Javascript cheat sheet - ca98am79
http://www.addedbytes.com/cheat-sheets/javascript-cheat-sheet/

======
gtani
nice. Here's the motherlode of JS cheats:

[http://www.scottklarr.com/topic/95/javascriptajax-cheat-
shee...](http://www.scottklarr.com/topic/95/javascriptajax-cheat-sheets/)

------
morbidkk
It misses some things:

1) prototype

2) constructor

3) prompt

4) debugger statement i.e. this is must for anyone who want to put breakpoints
in code

But this is really short and sweet 1 page Core JS summary for people who want
to write their own libraries

(function(){

    
    
      var myLib = {}
    
      myLib.prototype={
    
      method1: function(){ xx;yy;zz}, 
    
      method2: function(){ xx;yy;zz}, 
    
      variable1: 'value1' 
    

}

)()

------
sh1mmer
I wasn't that impressed.

The cheat sheet includes a bunch of stuff like events and XHR, etc.

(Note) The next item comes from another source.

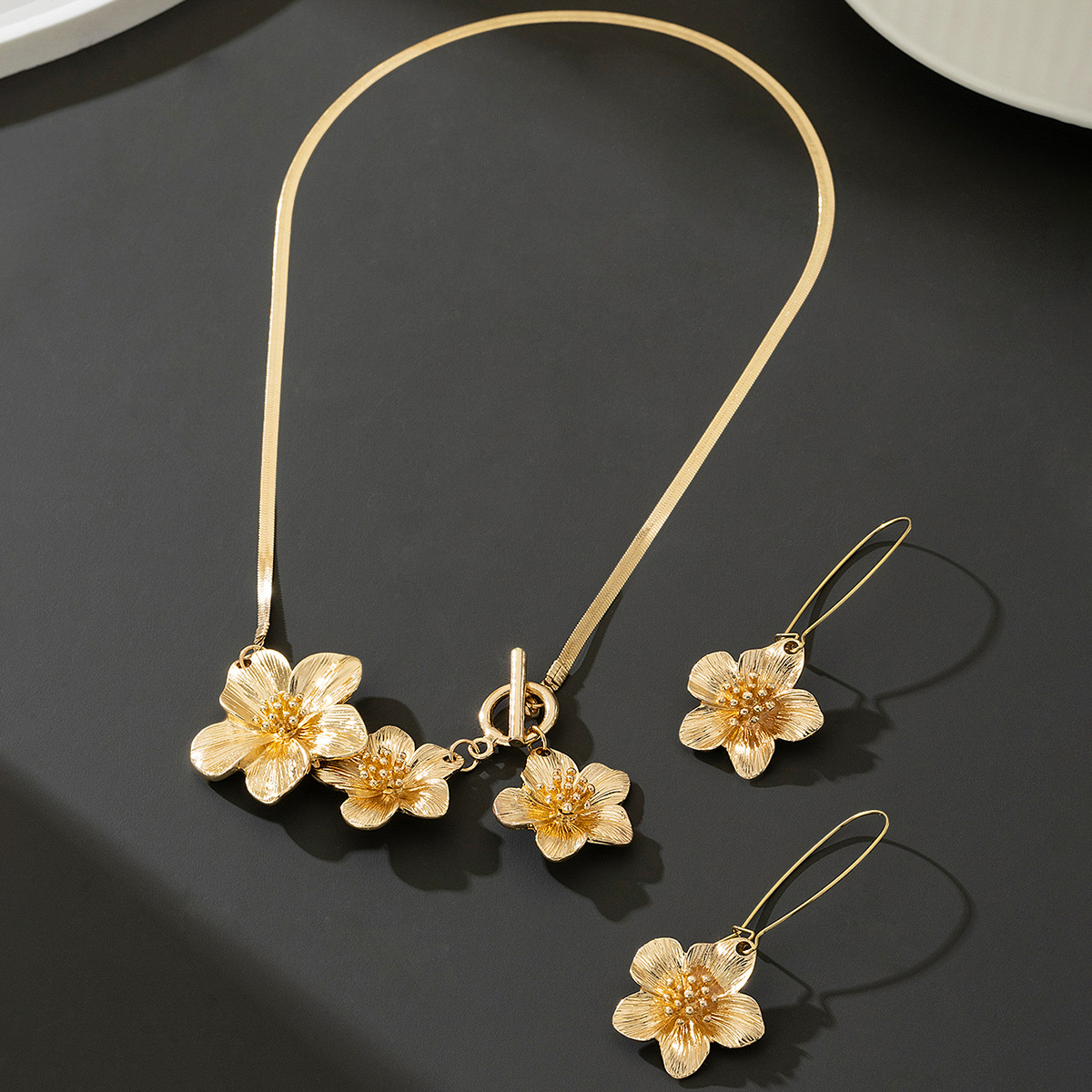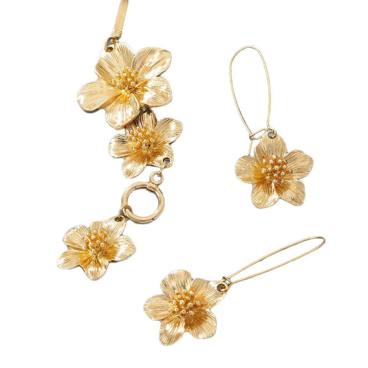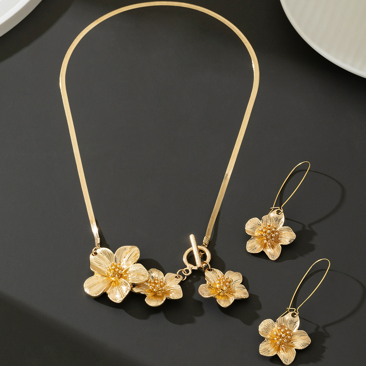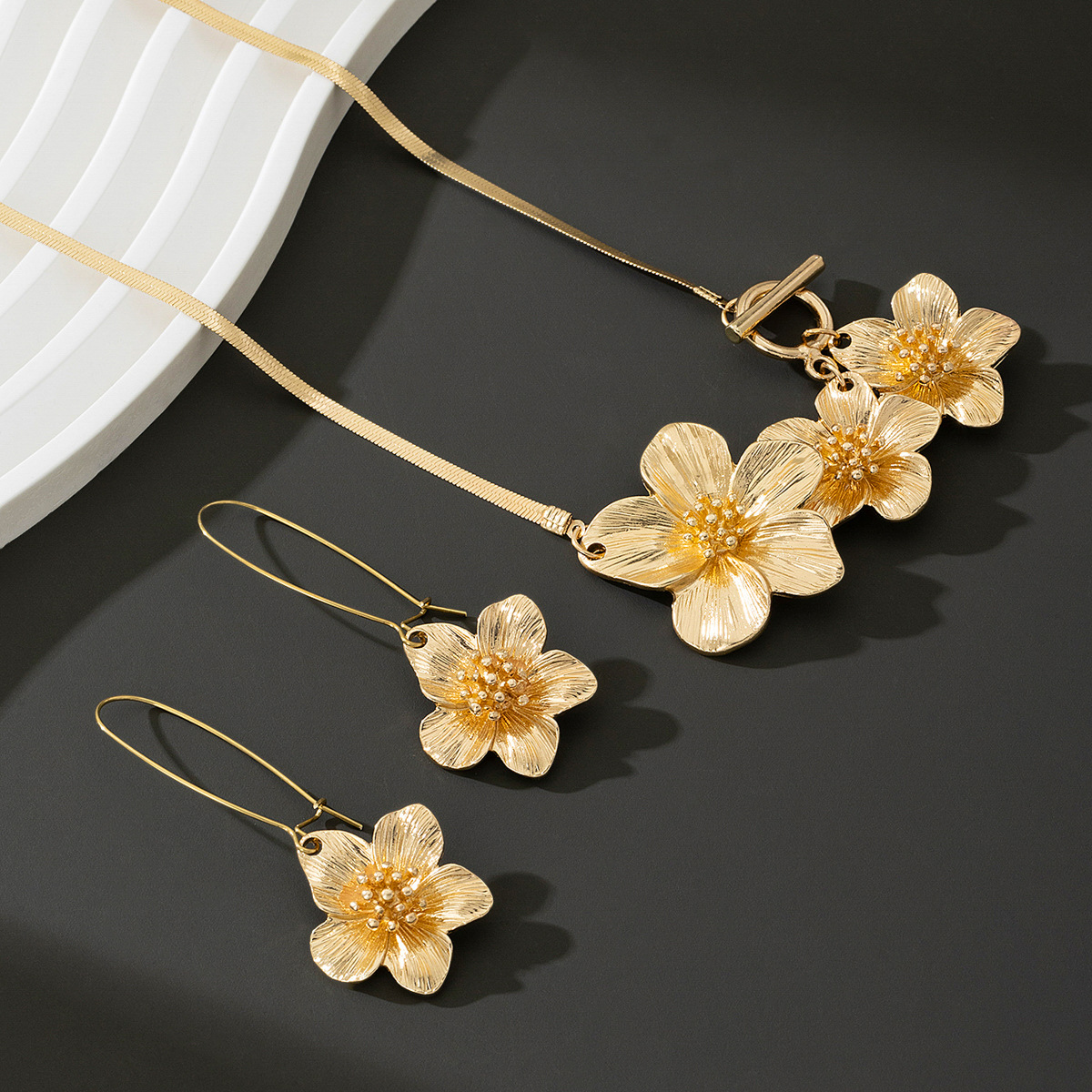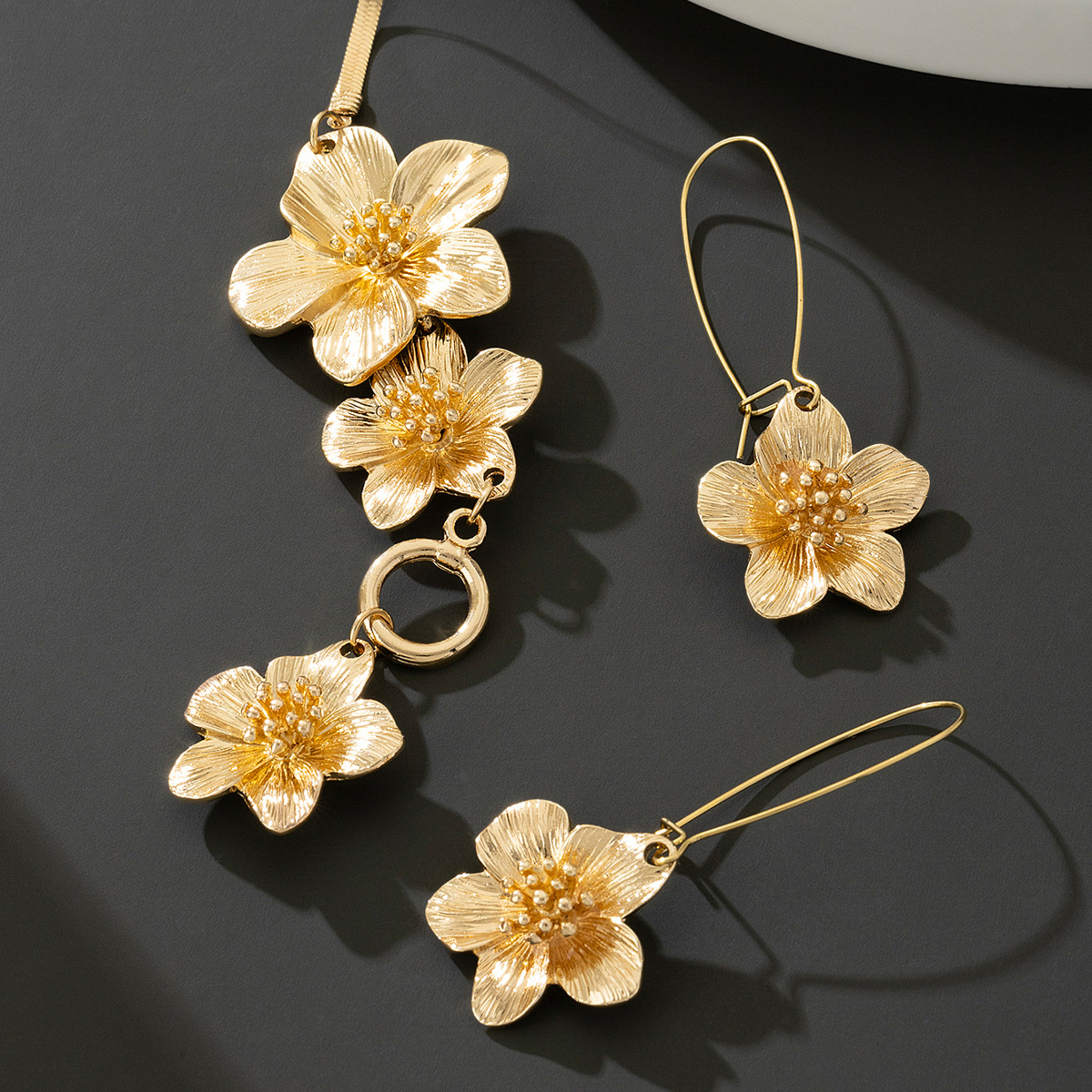 2 European and American Creative Metal Ring-Shaped Flower Earrings, Jewelry Necklace, Bracelet Set, with a Luxurious and High-End Design

Maybe this guy is some kind of masochist but most people don't roll their own
wrappers for these browser inconsistent features, they use a library. If you
are writing new handling code for XHR and events constantly you're doing it
wrong. Seriously.

Rest of it looks ok, though.

------
kqr2
The javascript cheat sheet from visibone has received some good reviews in the
past, however, it's not free:

<http://www.visibone.com/javascript/card.html>